_DATA_.

== Segment start ==

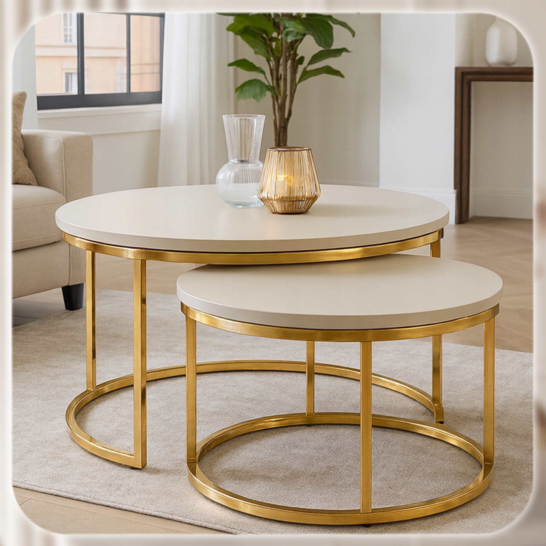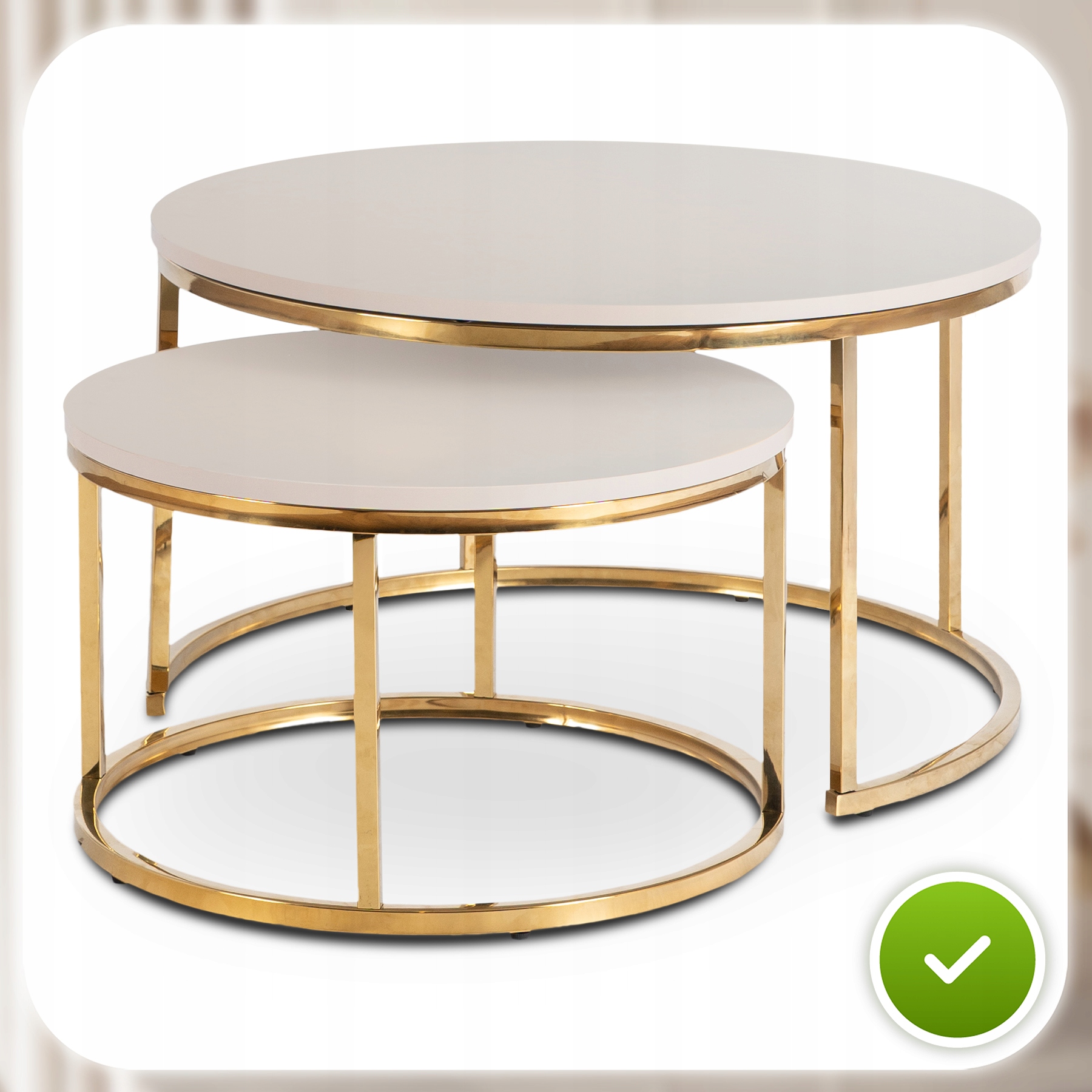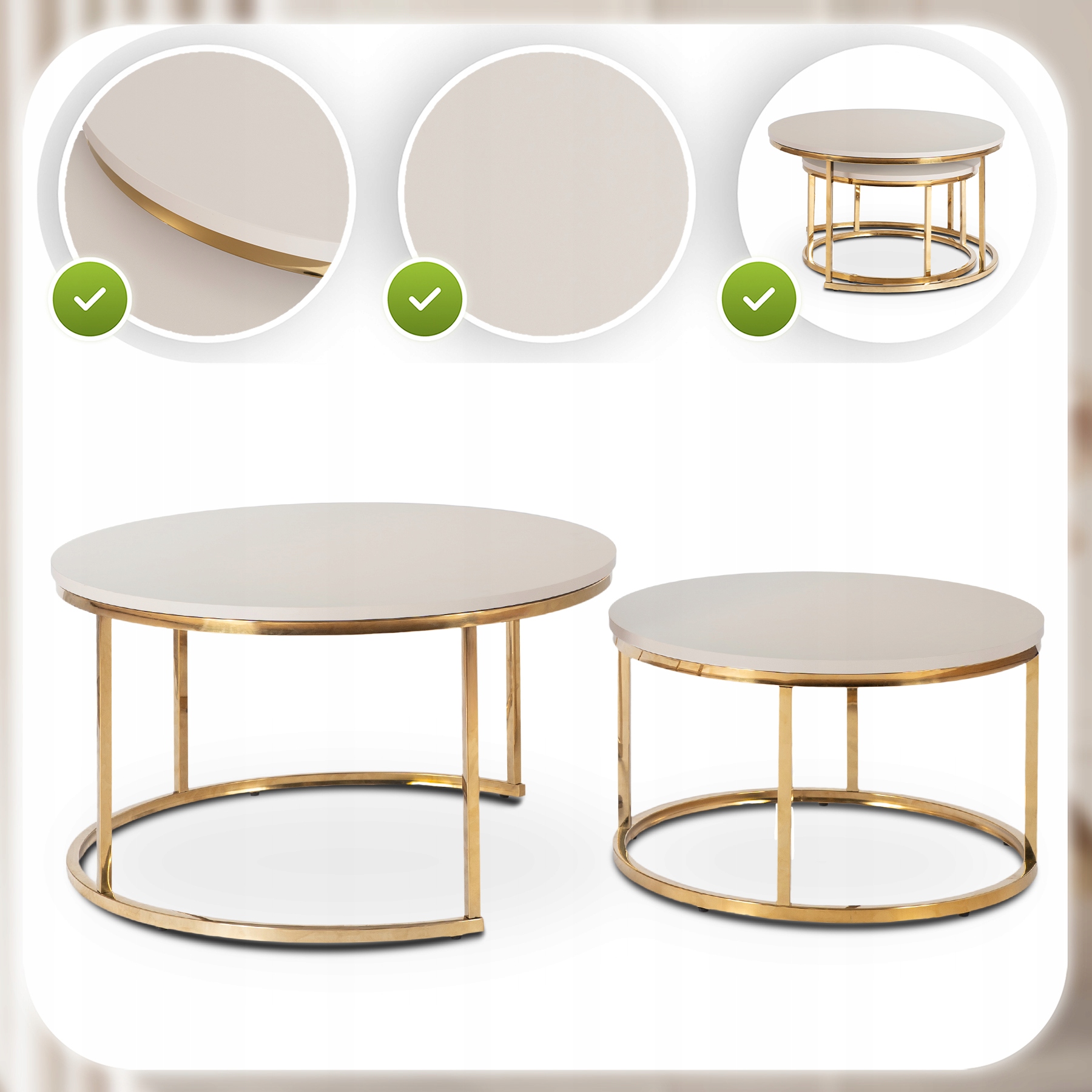 ✨ Stolik Kawowy Okrągły Zestaw 2w1 Ława Glamour Kaszmir Złoty APULIA MAX
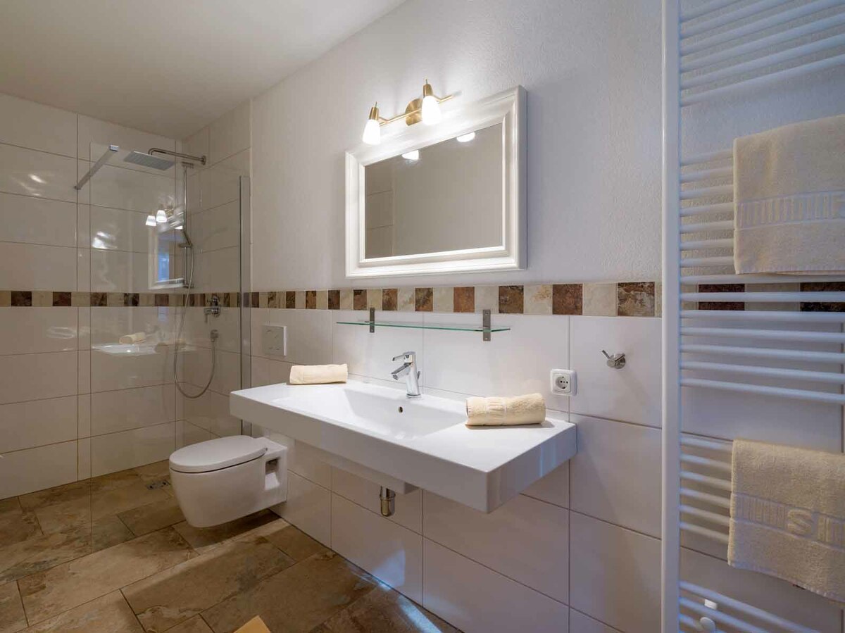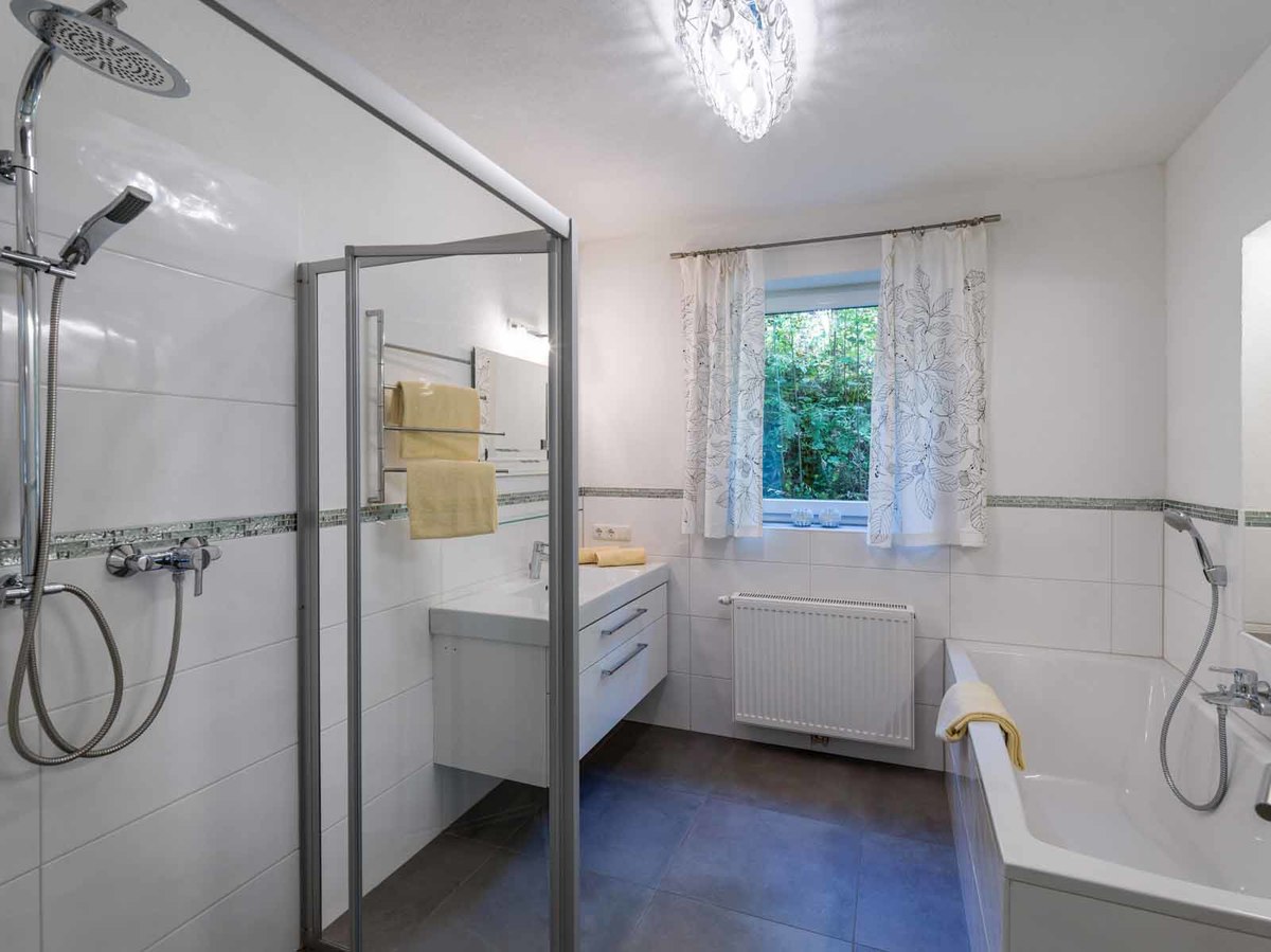 Ein Badezimmer mit Badewanne, Dusche, Doppelwaschbecken und WC sowie ein weiteres Badezimmer mit Dusche und WC, eine geräumige Küche mit Cerankochfeld, Spülmaschine, Filter-Kaffeemaschine, Nespresso-Kaffeemaschine, Backofen, Kühlschrank mit Gefrierfach und Eßtisch, so wie einem Wohnschlafraum  und rustikaler Essecke vollenden die gemütliche Wohnatmosphäre.
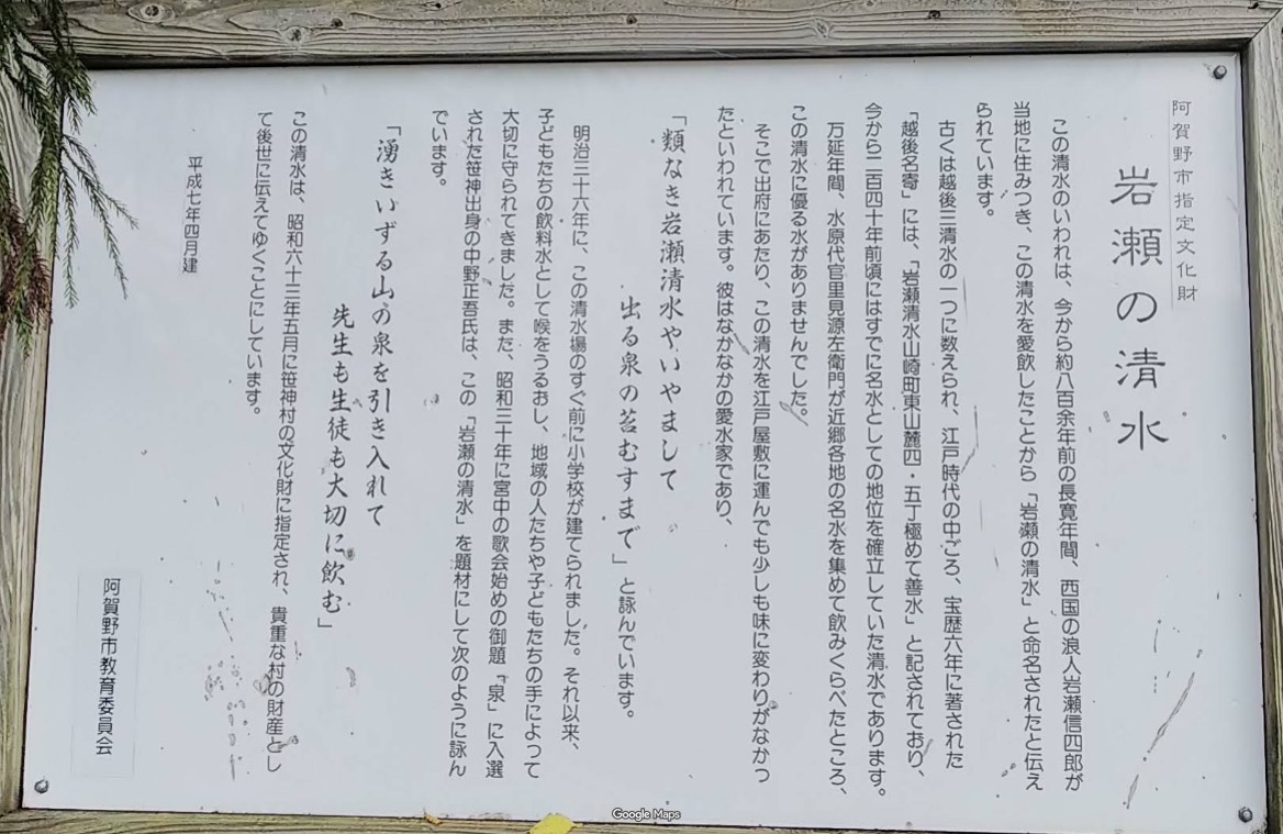 【岩瀬の清水】(新潟県の水汲み場)阿賀野市山崎 新潟の名水百選 越後の三清水と称えられる東屋の水汲み場 [名称] 岩瀬の清水 [場所] 新潟県阿賀野市山崎1443−1 [言い伝え・概要] 古来越後三清水の一つとして有名であり、現在は「新潟の名水百選」となっている。 岩瀬の名の由来は、平安後期西国の浪人岩瀬信四郎がこの地に住み着き、この清水を愛飲したことから命名されたと伝えられている。 [保全活動] [Google クチコミ] こちら 出典 阿賀野市 お気に入りに追加※自然の湧水は煮沸して飲用されるとより安全です。※水辺は水難や危険生物に十分気を付けてください。 Click to share on X (新しいウィンドウで開きます) X このエントリーをLINEで送る (新しいウィンドウで開きます) LINEに送る Facebook で共有するにはクリックしてください (新しいウィンドウで開きます) Facebook このエントリーをはてなブックマークに追加 (新しいウィンドウで開きます) はてなブックマーク 新潟県 | 中部 | 阿賀野市 投稿日: 2025年10月7日 投稿者: Sumai事務局
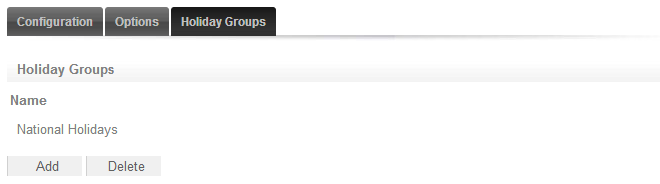 - Click Add and select the group or groups of holidays that you wish to apply to this schedule.

== Segment end ==

_WHAT YOU ARE ASKED TO DO_. Only these lines belong in the answer: the first line of the listing above through the line holding "Ein Badezimmer mit", printed exactly and without pictures.

_EXPECTED OUTPUT_.
 ✨ Stolik Kawowy Okrągły Zestaw 2w1 Ława Glamour Kaszmir Złoty APULIA MAX
 Ein Badezimmer mit Badewanne, Dusche, Doppelwaschbecken und WC sowie ein weiteres Badezimmer mit Dusche und WC, eine geräumige Küche mit Cerankochfeld, Spülmaschine, Filter-Kaffeemaschine, Nespresso-Kaffeemaschine, Backofen, Kühlschrank mit Gefrierfach und Eßtisch, so wie einem Wohnschlafraum  und rustikaler Essecke vollenden die gemütliche Wohnatmosphäre.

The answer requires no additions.